Elbette bu notlar, büyük ölçüde Çayeli, Senoz Vadisi’ndeki köyleri anlatıyor, ama başka yerlerde bu tabloların tekrarlandığını tahmin etmek zor. Salgınla ilgili yapılan yayınlar her geçen gün tereddütleri arttırıyor.
Kurban Bayramı’nda gündemi meşgul eden konulardan biri de kurbanların kesimi esnasında yaşananlar oluyor. Nasip oldu biz de tekbirlerle kurbanımızı kestirdik.
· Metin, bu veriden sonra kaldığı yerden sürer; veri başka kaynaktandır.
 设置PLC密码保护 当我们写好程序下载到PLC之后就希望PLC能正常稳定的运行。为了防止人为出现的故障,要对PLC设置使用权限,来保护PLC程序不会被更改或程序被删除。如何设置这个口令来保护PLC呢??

Ancak kurban kesim yerlerindeki imkânların biraz daha iyileştirilmesi icap ediyor. Meslekleri icabı kurban kesenlerde her halde acıma hissi biraz kayboluyor. Oysa kurbanlık hayvanlara iyi davranılması ve şefkatle kesilmesi önemli tavsiyelerden biridir.
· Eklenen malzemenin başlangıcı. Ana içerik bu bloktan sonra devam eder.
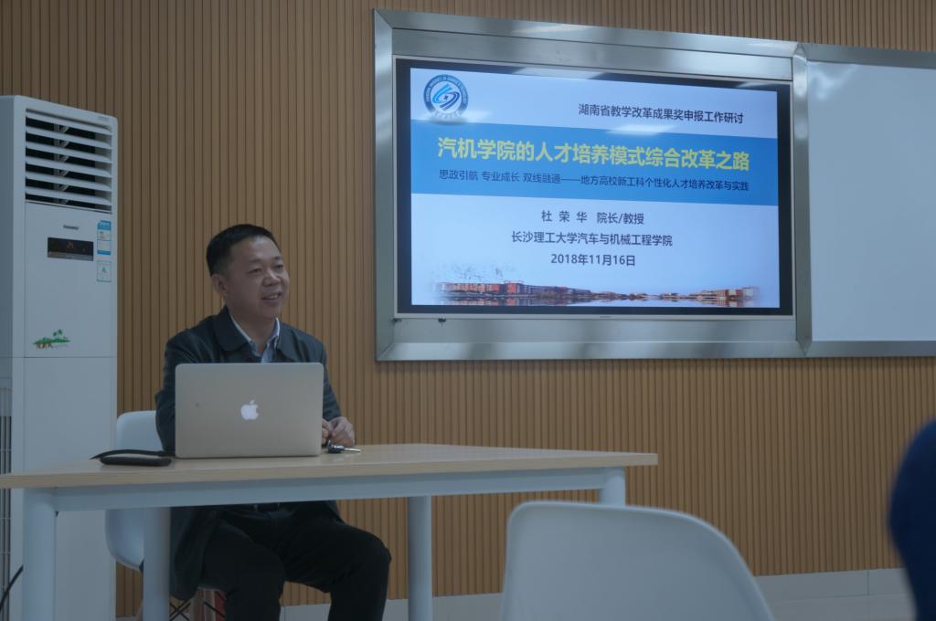 座谈会上,邱国良首先代表长沙理工大学和汽机学院对江爱华教授的到来表示衷心的感谢,并对江教授的工作经历及成果进行了简单介绍。随后江教授从“南航简况”、“教师发展的研究与实践”、“‘五航’培训计划的设计与实施”、“智慧教学的实践探索”等四个方面作了深入、精彩的报告。报告聚焦新工科人才培养,探讨在中国特色社会主义新时代和智能教育新时代下,通过梳理教师跨界发展的培养理念,构建“党政协同、产教融合、跨界发展、校际共享”的工科高校教师发展工作新体系,面向不同教师分类实施“五航”培训计划的理念和方法;介绍了南航撬动课堂革命、推动智慧教学的经验和做法,为国内工科优势高校培育具有大胸怀、大境界、大格局的一流好老师提供了理论支持和实践模型。他总结指出“教育改革的关键在于教育体制的优化和教育理念的普遍进步,在于教师自我提升的内在需求”,“智慧教学的任务是借助技术获取教育过程中的数据,依据精确的数据对问题精确定位,使评价由经验主义走向数据支持”。他呼吁广大的高校教师要更新教育理念、认真实践,尽快实现从传统教书、教学向新时代教育阶段的转变。报告在与会教师中引起强烈反响,掌声连连。

Kurban kesimi yapan sivil toplum kuruluşları ya da derneklere bazı kalite standartları getirmek isabetli olur. Kurulan kesim merkezleri mutlaka teknik imkânlarla donatılmalıdır. Meselâ, bugünkü imkânlarla kurbanlık hayvanı canlı olarak tek bacağından havaya kaldırıp kesime yatırmak hayvana eziyetten başka bir anlam taşımıyor. Bizim kurbanımızın kesildiği tesiste ilgili kişilere bu hatırlatmaları yaptık ve inşallah seneye daha iyi imkânlarla kurban kesileceği sözünü aldık.
En sıkıntılı uygulama kurbanların kesimi esnasında yaşanıyor. Düşünün ki 300 kiloluk bir hayvanı tek ağından asıp kaldırılınca hayvan canlı iken ayağı icabında kırılıyor, yaralanıyor ve kanları akıyor. Bu uygulama hayvana eziyet değil mi? Onun yerine biraz masraf ederek büyük tesislerdeki ‘hayvan kesim aparatı’nı her kurban kesim tesisine kurmak gerekir. Bilindiği üzere büyük tesislerde hayvanlar sanki kantara çıkarmış gibi bir platforma çıkarılıyor ve zahmetsizce tekbirlerle kesiliyor. Aynı uygulamanın her kurban kesim yerinde olmasını temin etmeye çalışmak isabetli olur.
Nihayet olarak virüs salgını köylerimizdeki bayram alışkanlıklarının da mecburen değiştirdi. Önceki yıllarda bayram namazlarından sonra bir mahallede oturanlar diğer mahalleye ‘sabah kahvaltısı’na gider ve topluca köyün her evi ziyaret edilirdi. Artık bu buluşmalar olmuyor ve ziyaretler de asgariye inmiş durumda.
Bu vesile ile salgınsız, sıhhatli, huzurlu ve duâlı bayramlara kavuşmayı temenni ediyoruz. Amin.